Abstract

Summary: MetPA (Metabolomics Pathway Analysis) is a user-friendly, web-based tool dedicated to the analysis and visualization of metabolomic data within the biological context of metabolic pathways. MetPA combines several advanced pathway enrichment analysis procedures along with the analysis of pathway topological characteristics to help identify the most relevant metabolic pathways involved in a given metabolomic study. The results are presented in a Google-map style network visualization system that supports intuitive and interactive data exploration through point-and-click, dragging and lossless zooming. Additional features include a comprehensive compound library for metabolite name conversion, automatic generation of analysis report, as well as the implementation of various univariate statistical procedures that can be accessed when users click on any metabolite node on a pathway map. MetPA currently enables analysis and visualization of 874 metabolic pathways, covering 11 common model organisms.

Availability: Freely available at http://metpa.metabolomics.ca

Contact:david.wishart@ualberta.ca

1 INTRODUCTION

Over the past decade, pathway analysis has emerged as an invaluable aid to understanding the data generated from various ‘omics’ technologies. As a result, a number of robust software tools have been developed to support pathway analysis for genomics and proteomics studies. These tools combine powerful statistical analysis with visualization capacities to help researchers identify significant pathways involved in the conditions under study. The first pathway analysis tools were typically designed to take a list of differentially expressed genes (or gene products) and compare the number of differentially expressed genes detected in each pathway of interest with the number of genes expected to be found in the given pathway just by chance—a procedure known as over representation analysis (Draghici et al., 2003; Khatri et al., 2002). Second-generation pathway analysis tools typically use normalized gene expression data to calculate the expression of biological pathways in association with phenotypes—a procedure generally known as gene set enrichment analysis (GSEA) (Goeman et al., 2004; Hummel et al., 2008; Subramanian et al., 2005). More recent tools consider both the significance of gene expression changes and their topological characteristics in order to better evaluate their impact on the pathways of interest (Draghici et al., 2007; Glaab et al., 2010; Tarca et al., 2009). To date, essentially all pathway analysis tools have been designed and developed for the analysis of genomic or proteomic data, but not metabolomic data. Here, we wish to introduce MetPA (Metabolomics Pathway Analysis), a dedicated pathway analysis and visualization tool to facilitate the use of these relatively new and powerful methods in metabolomic studies.

2 METHODS

2.1 Pathway analysis

Pathway analyses in MetPA are conducted through three routes. Pathway enrichment analysis supports both over-representation analysis as well as GSEA-based approaches. The available algorithms include Fishers' exact test, the hypergeometric test, global test (Goeman et al., 2004) and GlobalAncova (Hummel et al., 2008). MetPA's pathway topological analysis is based on the centrality measures of a metabolite in a given metabolic network. Centrality is a local quantitative measure of the position of a node relative to the other nodes, and is often used to estimate a node's relative importance or role in network organization (Aittokallio and Schwikowski, 2006). Since metabolic networks are directed graphs, MetPA uses relative betweenness centrality and out degree centrality measures to calculate compound importance. The pathway impact is calculated as the sum of the importance measures of the matched metabolites normalized by the sum of the importance measures of all metabolites in each pathway. Finally, MetPA provides a number of univariate analyses performed at the compound level to provide a more detailed view of the distribution of individual metabolite concentrations with regard to phenotypes. They include the t-test, one-way analysis of variance (ANOVA), and linear regression.
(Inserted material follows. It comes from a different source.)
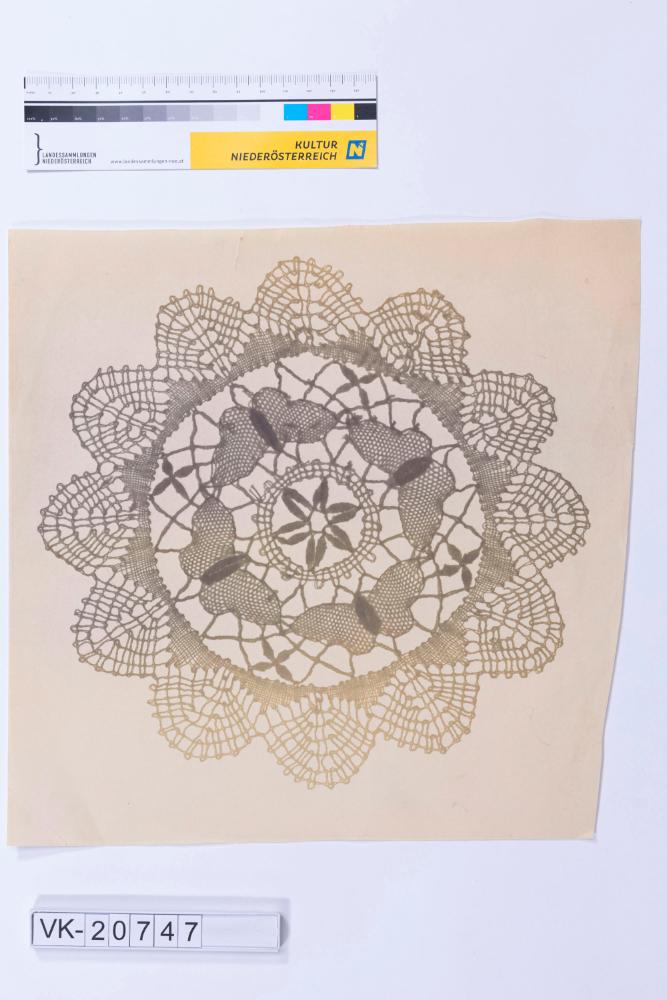 Drei Vorlagen für Klöppelbriefe: Abbildungen eines runden Spitzendeckchens (belichtetes Fotopapier). Fr. Bracher veranstaltete in den 1970er- und 1980er-Jahren Klöppelkurse über den ÖFB.

2.2 Pathway library construction and visualization

The pathway data used in MetPA were downloaded as KGML files from the KEGG database (Kanehisa et al., 2008). Chemical compounds and pathway topology information were parsed into graph models using the KEGGgraph package (Zhang and Wiemann., 2009). The current library contains 874 metabolic pathways from 11 model organisms including humans, mouse, Drosophila, Arabidopsis, Escherichia coli, etc.

Metabolic pathways are presented as a network of chemical compounds with metabolites as nodes and reactions as edges. The graph generation and manipulation were implemented using Graphviz (http://www.graphviz.org) and ImageMagick (http://www.imagemagick.org). This visualization system supports lossless zooming, dragging and linking operations based on Ajax (Asynchronous JavaScript with XML) technology (Berger et al., 2007). All relevant information can be obtained by clicking on the corresponding graphical elements.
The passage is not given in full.